### WHAT THIS TASK INVOLVES:
Print, with no pictures, the exact lines that run from the one containing "Yeni il üçün" through the last line of the material below, both ends included.

### INFORMATION SUPPLIED:
——————————
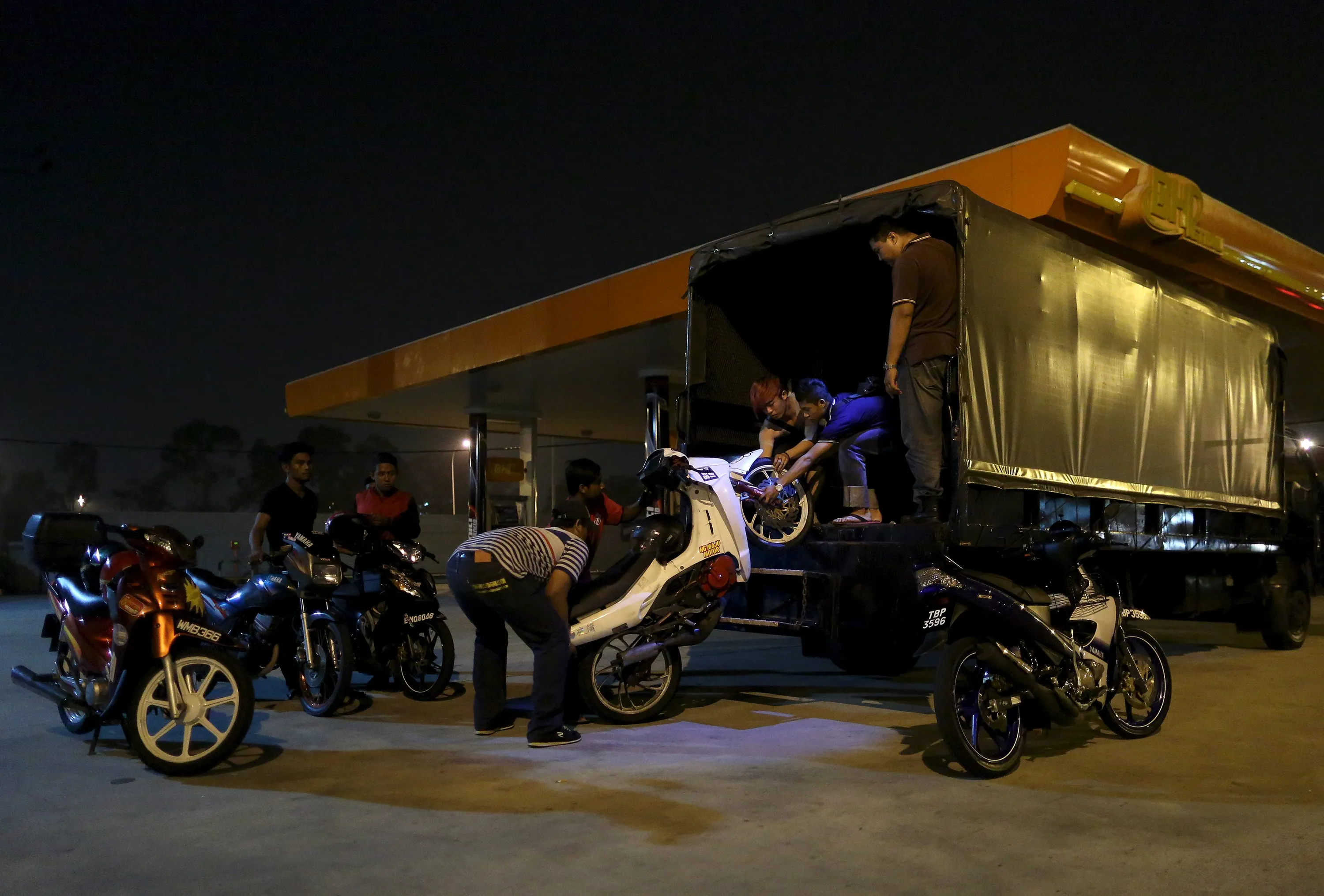 Men load their motorbikes onto a truck after they were confiscated by police on a highway in Kuala Lumpur, Malaysia, September 14, 2014. (Photo by Olivia Harris/Reuters)
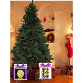 Yeni il üçün şam ağacı 214-RAX008-N1-13, tünd yaşıl, 180 sm + Led çələng 20 m + Oyuncaq dəsti, qızılı, 5 sm, 32 əd Hədiyyə |
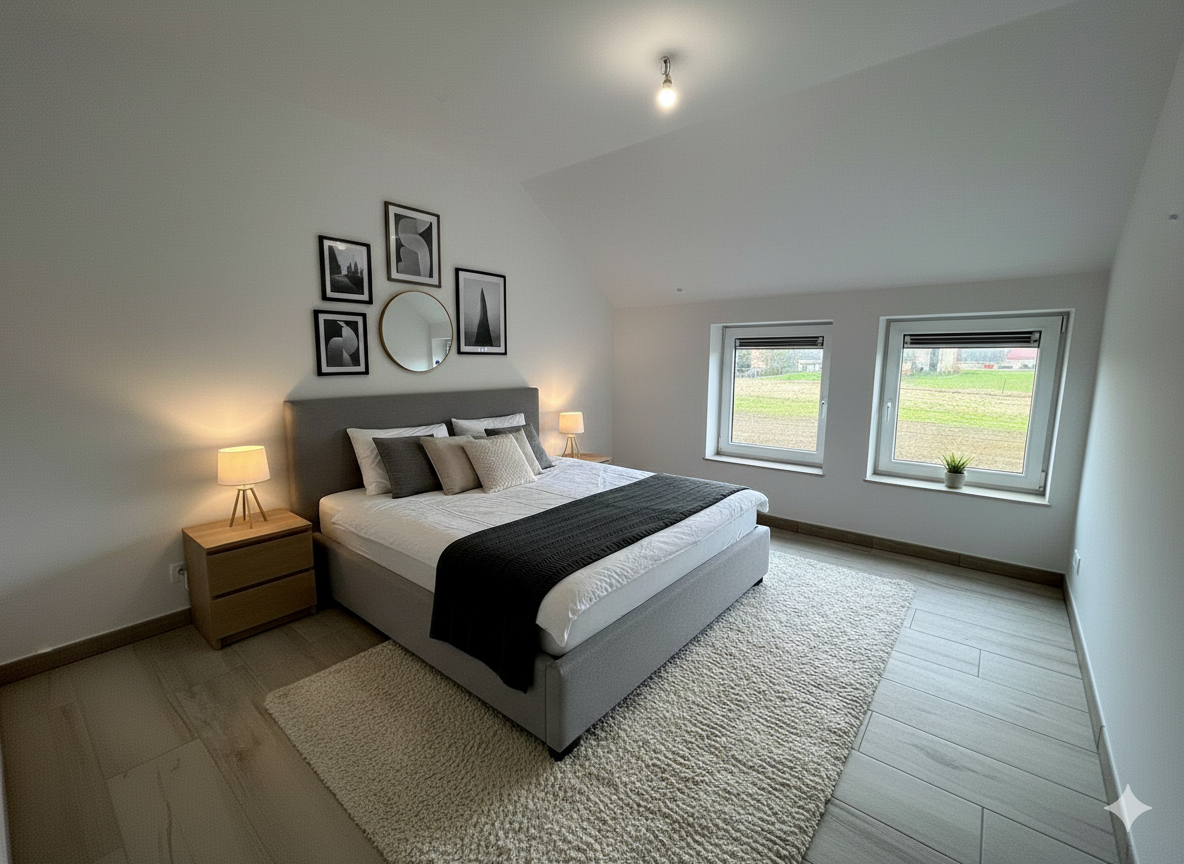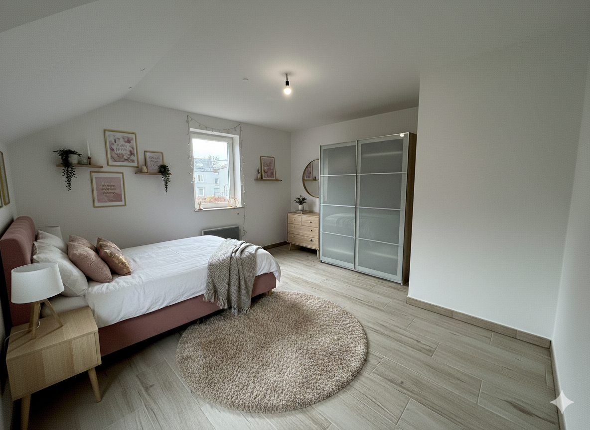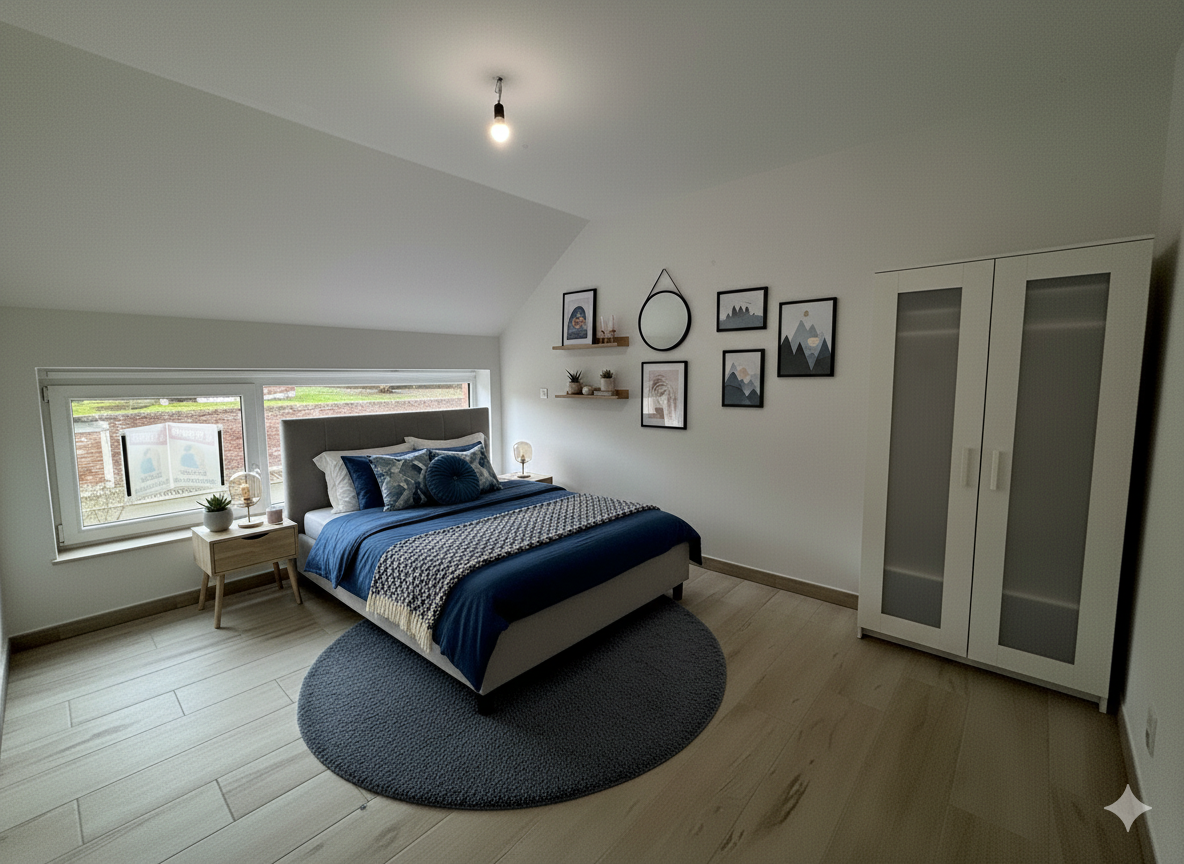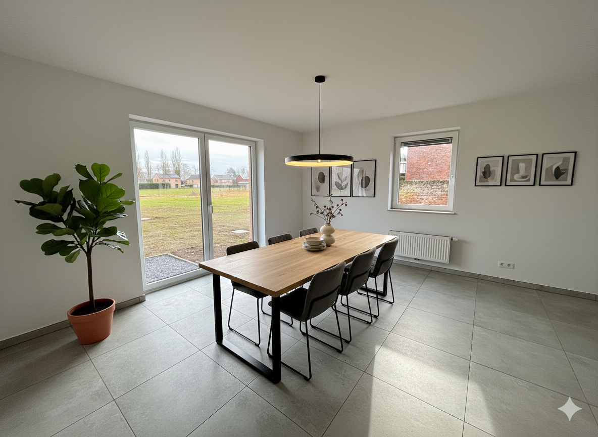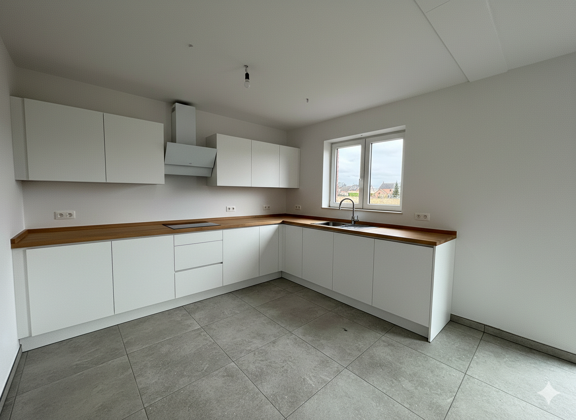 Il s’agit d’une maison neuve trois façades, orientée Sud-Est côté terrasse, développant une surface habitable de +/- 150 m² sur un terrain de 9 ares. Le jardin privatif bénéficie d’une terrasse de +/- 15 m² bien exposée. Le bien dispose d’un garage intégré, assurant le stationnement et les fonctions annexes.
——————————
### ANSWER SPACE:
 Yeni il üçün şam ağacı 214-RAX008-N1-13, tünd yaşıl, 180 sm + Led çələng 20 m + Oyuncaq dəsti, qızılı, 5 sm, 32 əd Hədiyyə |
 Il s’agit d’une maison neuve trois façades, orientée Sud-Est côté terrasse, développant une surface habitable de +/- 150 m² sur un terrain de 9 ares. Le jardin privatif bénéficie d’une terrasse de +/- 15 m² bien exposée. Le bien dispose d’un garage intégré, assurant le stationnement et les fonctions annexes.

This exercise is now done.